И он вздрогнул вместе со своей невенчанной женой. Тотчас отвернулся к окну, вдруг вспомнив холод монастырской тюрьмы, куда любимый царь велел бросить его гнить заживо. Вспомнил ее крыс и кисло-сладкий запах гнилой соломы. Отчаяние и боль заодно вспомнил. На его теле остались следы от плетей. Глубокие, смерть их так и не вытравила с бледной кожи. И Олечка знает их все до последнего и всегда вздрагивает, если ненароком тронет их пальцами или губами во время дневных ласк. Бедная ещё до конца не понимает, что после смерти боль отступает. Бедная ещё помнит, от чего могут страдать люди. Бедная ещё чуть-чуть жива. А он умер ещё до того, как умер. Научился ничего не чувствовать в сырой темнице, куда заточили верного пса. Научился никому не верить и никого больше не любить.
— Так тебе теплее? — спросил он, прикрыв одну створку. — Передвинь стул к столу, я не могу закрыть окно полностью. С минуты на минуту ждём вестницу.
Олечка перешла со стулом к столу и вопросительно уставилась на княжеского секретаря.
— Прикажете спрятать медяки?
Он усмехнулся и задернул штору на открытой половине окна.
— Сова не ворона. На блестящее не позарится.
Он зажмурился. Будь проклят тот медный таз, который в ночи выставили к выгребной яме доходного дома вблизи Литейного проспекта, где у доктора кухаркой служила тетка Олечки и жила сама курсистка Марципанова по причине единственного родства и душевной доброте доктора. Федор Алексеевич очень спешил домой и только потому обернулся вороном. Не любил он это дело, ведь всякий раз птичий инстинкт брал своё. И в этот раз не пронесло его мимо вонючего медного таза. В ночи узрел, как сверкает. Однако, спускаясь на землю, успел порадоваться, что наткнулся именно на таз. Это тебе не мелкая мишура. Ее бы он нёс в клюве до самого дома, а тут, чтобы оторвать таз от земли, придётся принять человечье обличье, и тяга к всему блестящему исчезнет сама собой. Пойдёт дальше пешком. Побежит, чтобы успеть до рассвета… Зато без таза!

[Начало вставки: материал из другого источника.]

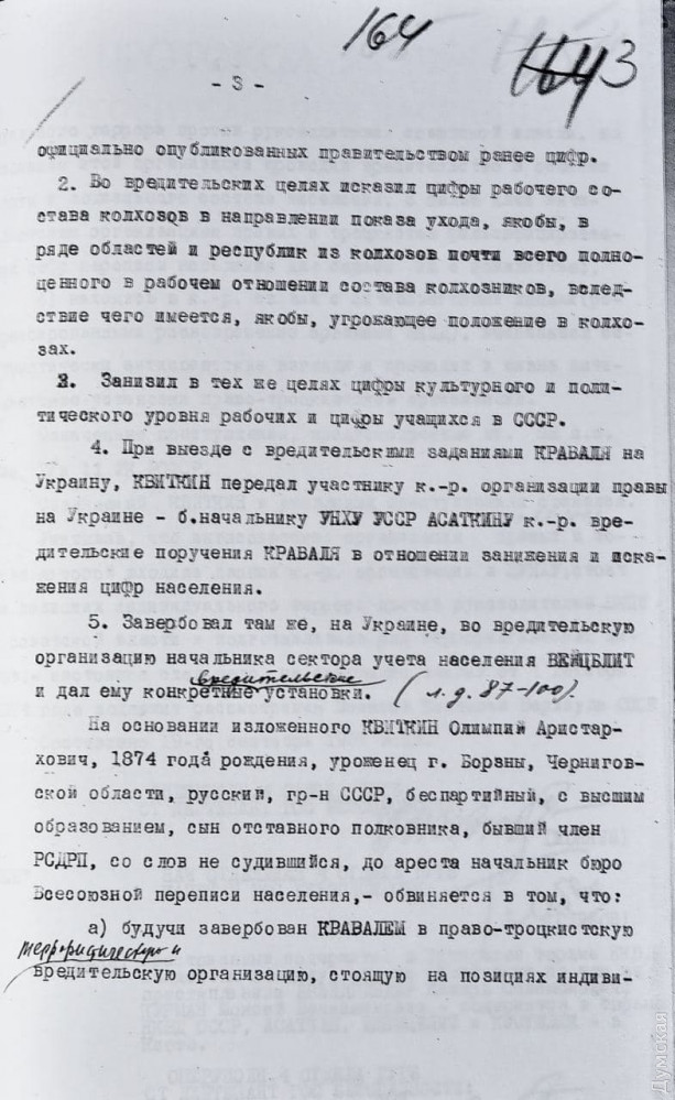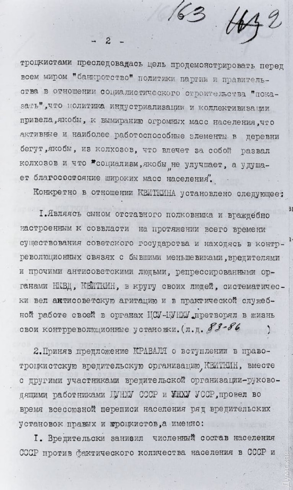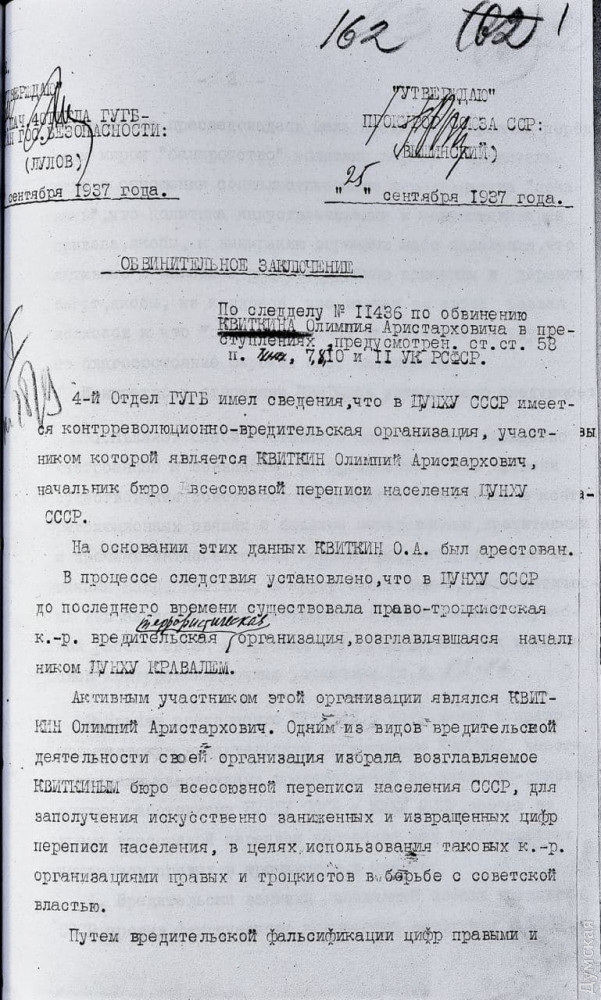 Служба безопасности Украины опубликовала рассекреченные материалы уголовного дела руководителя бюро переписи населения Центрального управления народнохозяйственного учета СССР Олимпия Квиткина, которого советская власть обвинила в "получении искусственно заниженных и извращенных цифр" во время переписи 1937 года.

О, как же он ошибся! В такие минуты понимаешь, что Бог не только есть, а что он и великий шутник, к тому же. В медном тазу в луже крови и прочих нечистот плавал трупик ребёнка — плавал по частям: голова и тельце вместе, а четыре конечности отдельно. Щупленький — до срока родился. Ох, до срока… Выскребали его мертвого из матери…
Взглянул Фёдор Алексеевич в мертвое личико, и впервые за столько веков защемило у него сердце: вспомнил вдруг, как взял на руки своего первенца… И поддаваясь отцовскому инстинкту, он выхватил тельце из кровавой жижи, пожелав прижать к груди. Всего лишь прижать и сразу вернуть в таз. Но тут хлопнула в ночи дверь деревянного ретирадника — кто-то, справив нужду, спешил со двора на чёрную лестницу. И всесильный упырь, испугавшись, точно воришка, бросился наутёк, захватив с собой трупик.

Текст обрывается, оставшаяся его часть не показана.